Bloody Mary pasta. A delicious pasta dish inspired by the popular cocktail. This recipe combines the unbeatable traditional essentials with some extra flavor bombs. Plus, it’s ready in about 20 minutes and super versatile.
This speedy recipe combines the beloved bloody Mary flavors with pasta. This version has all of the traditional essentials like tomato, celery, vodka and a few drippings of Worcestershire sauce and Tabasco, as well as some additions. It’s so delicious when turned into a rich tomato sauce, together with your favorite pasta shapes. It’s a perfect combination of tangy and spicy.
It takes just 20 minutes from start to finish and you’ll be rewarded with a rich pasta dinner that’s deep in flavor. This is because the vodka helps to enhance the other flavors.
It’s a great fast weeknight dinner, but also fancy and delicious enough to serve at a dinner party or on your next date night.
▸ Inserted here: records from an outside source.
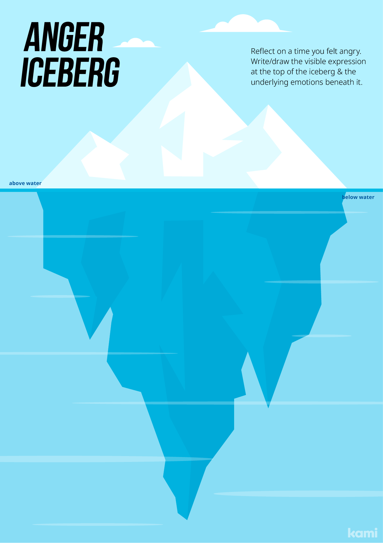 Sometimes feelings can be like an iceberg, and the reasons for that feeling can remain hidden beneath the surface. Anger iceberg worksheet the anger iceberg is the idea that anger is often just the visible part of a deeper emotional experience. This activity helps explore what. Can you think of a time you expressed anger in order to conceal another.
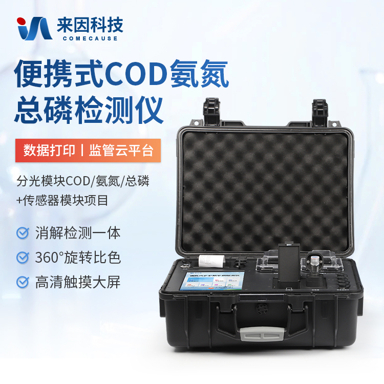简要描述: 便携式COD氨氮总磷测定仪便携一体式检测设备,内置大容量锂电池,可一机实现户外水样消解、测定;内置热敏打印机,支持自动、批量打印,可灵活选择、编辑打印内容,支持二维码打印;仪器具有WIFi无线、4G远传和RJ45有线联网功能,将数据上传;配备数据云平台,可接收仪器的检测数据,应用于线上数据存储、长短期动态分析。
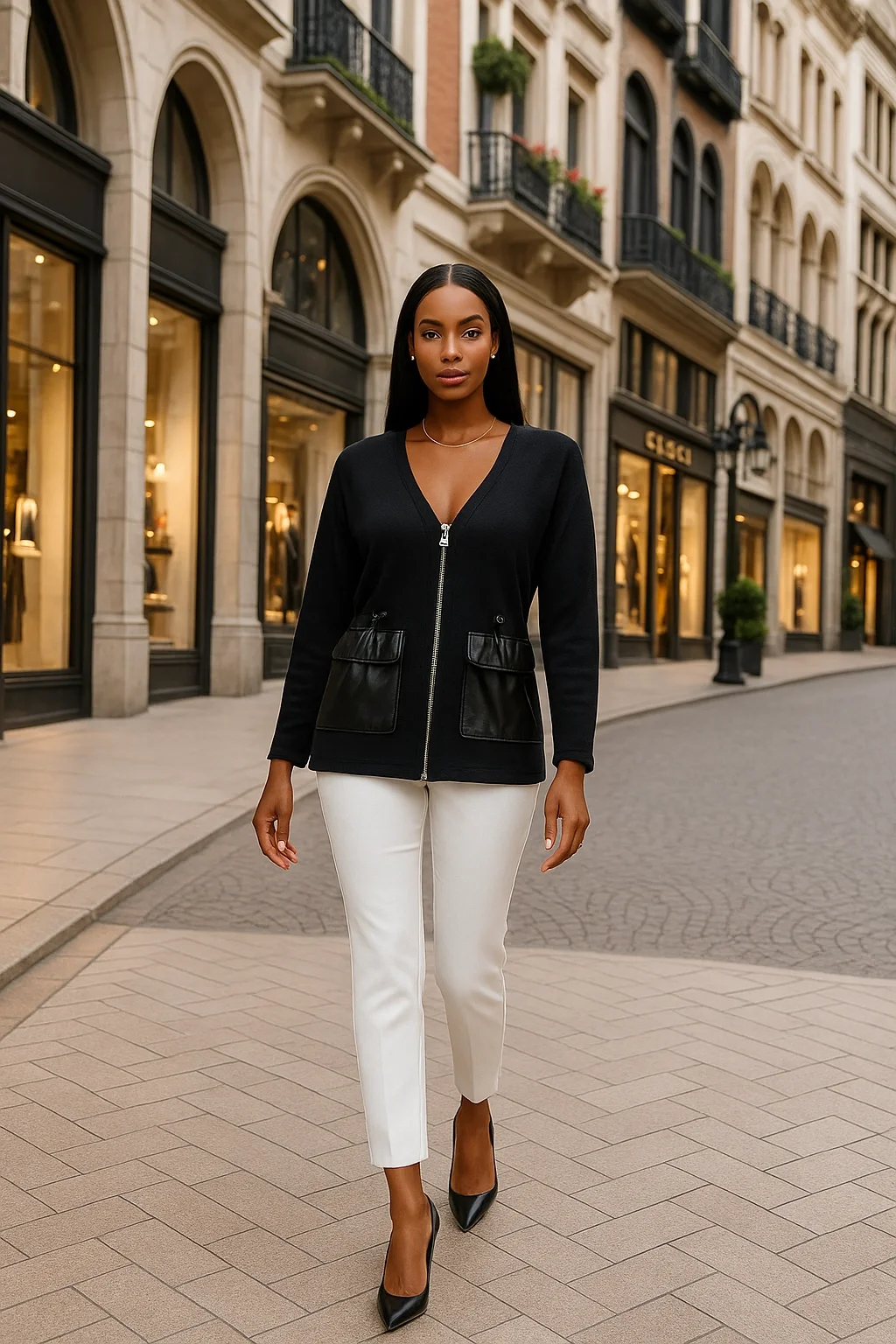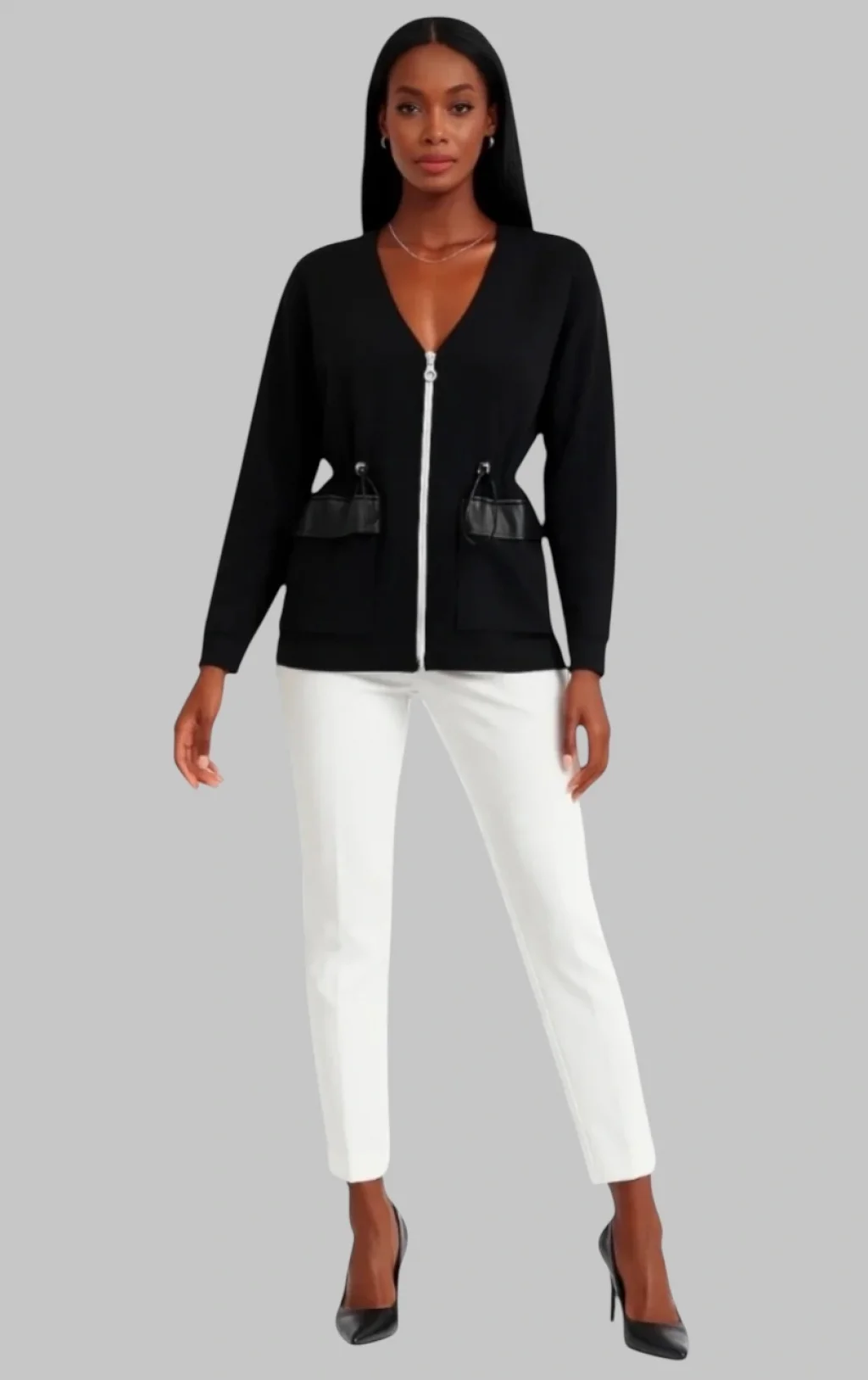 Venassa Vegan Yakma Tül Deri Detay Tasarım Bluz
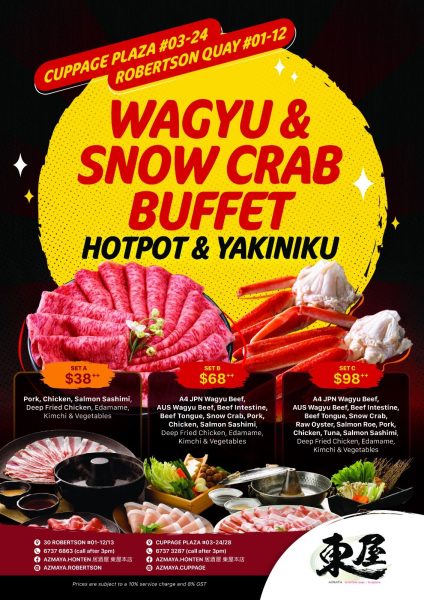 It’s Wagyu madness over at Azmaya, the latest all-you-can-eat yakiniku and shabu-shabu hotspot as it brings a Wagyu lover’s dream to life! For 90 minutes, Azmaya is offering a buffet of all the Gunma and Kagoshima Wagyu and Snow Crab you can eat, grilled as yakiniku, or simmered in shabu-shabu for only S$68++. Enjoy it with free-flow alcohol for an additional S$ 40++ to make it a Wagyu feast worth remembering.
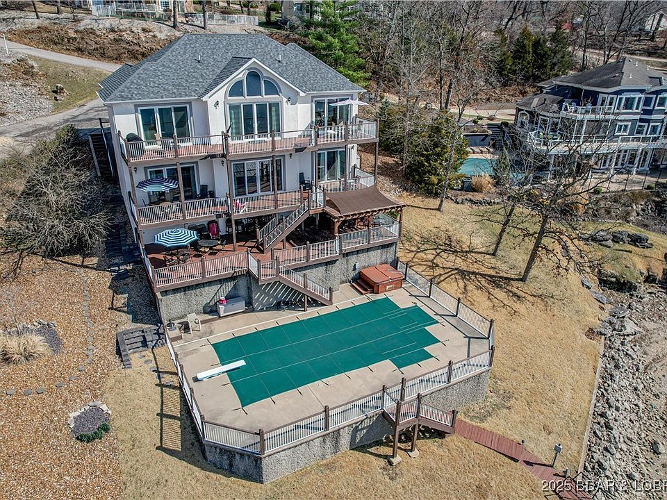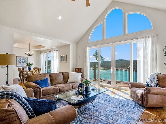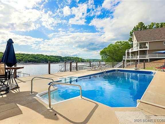 Lakefront home with wonderful views, a private pool and over 100 feet of cove protected waterfront. Great cove setting with deep water and elbow room between neighbors. Current dock has a 18X40 slip but there is plenty of room to get the dock you have always wanted. This is a large home with 4 bedrooms, a great 3 car garage and nearly 4,000 sq ft. Parking isn't an issue and this location (The Boulders) is wonderful being located conveniently close to Osage Beach and all of its amenities. This is a wonderful lake home that is built for fun and entertainment. Beautiful entry with large lakeside windows, vaulted ceilings and a spacious foyer/living area. The kitchen, dining and primary suite are all on the main level with 3 additional bedrooms on the lower level. All of the bedrooms are large with an exceptionally spacious primary suite. The lower level has a built in bar area, game area and great storage in the utility room. The outside area is what will really sell you! Big decks, great views, an outside bar area with a half bath and a relaxing lakeside pool/patio. Home also comes furnished and includes the 3 well dock. This is a quality home on a nice lot in a great cove!
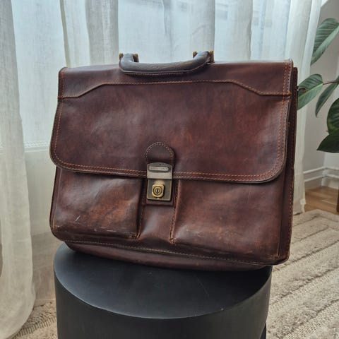 Säljer en Portfölj av det kända och välrenommerade märket Baron. Brunt läder och spänne i gulmetall.
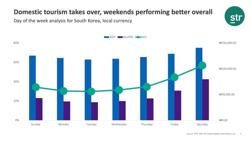 ADR과 RevPAR 역시 주말에는 상승하는 모습을 보였습니다.
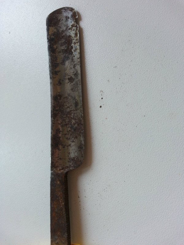 Re: Подскажите возможно ли бритву вернуть к жизни, востановиНашлась в гараже бритва деда. Состояние видно на фото. Сколы на режущей кромке, ржавчина.
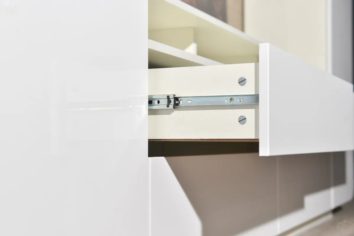 Распашные двери без доводчиков, для открывания используется механизм Push. Выкатные ящики на роликовых направляющих с механизмом Push.
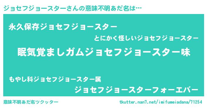 | 欧米人風あだ名 | 『ダニエルジョセフジョースター』 |
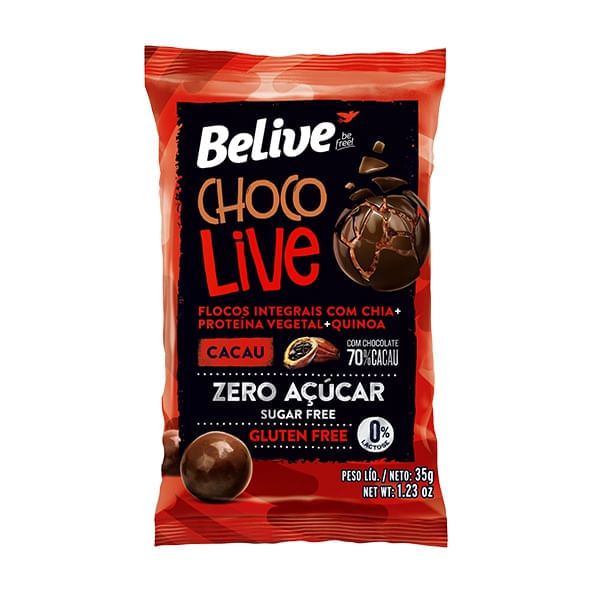 <p>Informações técnicas do produto:<br>Os Drageados Chocolive Cacau, da Belive, 35g, são compostos por flocos de cereais integrais com cacau cobertos com chocolate amargo 70 % cacau, sem adição de açúcar. Não possui glúten, sendo uma opção de consumo para pessoas com sensibilidade ou alérgicas à esta proteína.<br><br>Recomendação de consumo:<br>Uma ótima opção para acompanhar um chá ou café e adoçar o seu dia.<br><br>Informações sobre alergênicos:<br>Contém derivados de soja, pode conter leite.<br><br>Por que escolher esse produto?<br>Sem glúten<br>Sem lactose<br>Sem adição de açúcar<br>Aprovado pela ANAD (Associação Nacional de Assistência ao Diabético)<br>Fonte de Fibras<br>Com grãos integrais: sorgo, chia e quinoa<br>Com proteína isolada de batata<br>Sobre a marca:<br>A BeLive Be free, é uma marca que acredita que para ser livre, é preciso ter escolhas saudáveis e saborosas. É dar espaço para a alegria da liberdade de comprar o que você realmente gosta. É comprar o produto sem medo e comer sem culpa.</p>
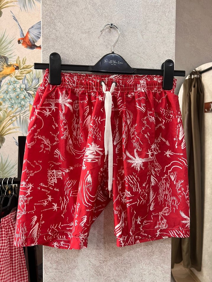 Renkli kırmızı tie-dye desene sahip, bağcıklı ve elastik bel bantlı, bol kesim erkek şort. Plaj ve sokak stili için uygun.
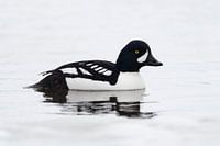 Barrow's Goldeneye / Spatelente ( Bucephala islandica ) in winter, swimming, wildlife, Greater Yellowstone Area, USA.

A Bloody Mary makes for a killer pasta sauce!
Let me guide you through the recipe with this step-by-step VIDEO.
Ingredients You Need For This Killer Pasta
- Onion, garlic and celery stalks: Essential to infuse the sauce with flavor. Mince those especially finely to keep the sauce’s texture smooth rather than chunky, you could also pulse them until very finely chopped in your food processor.
- Seasoning: Salt, black pepper, oregano and sugar.
- Tomato paste: To get a super-tomatoey flavor, we sauté the paste until it’s blushed several shades deeper and to caramelize the sugars.
- Vodka: This one doesn’t just deglaze the skillet, it gives a sharpness and a sweetness to the sauce that helps to enhance the tomato flavor. I used 1/4 cup of vodka, but you can always add more, up to 1/2 cup.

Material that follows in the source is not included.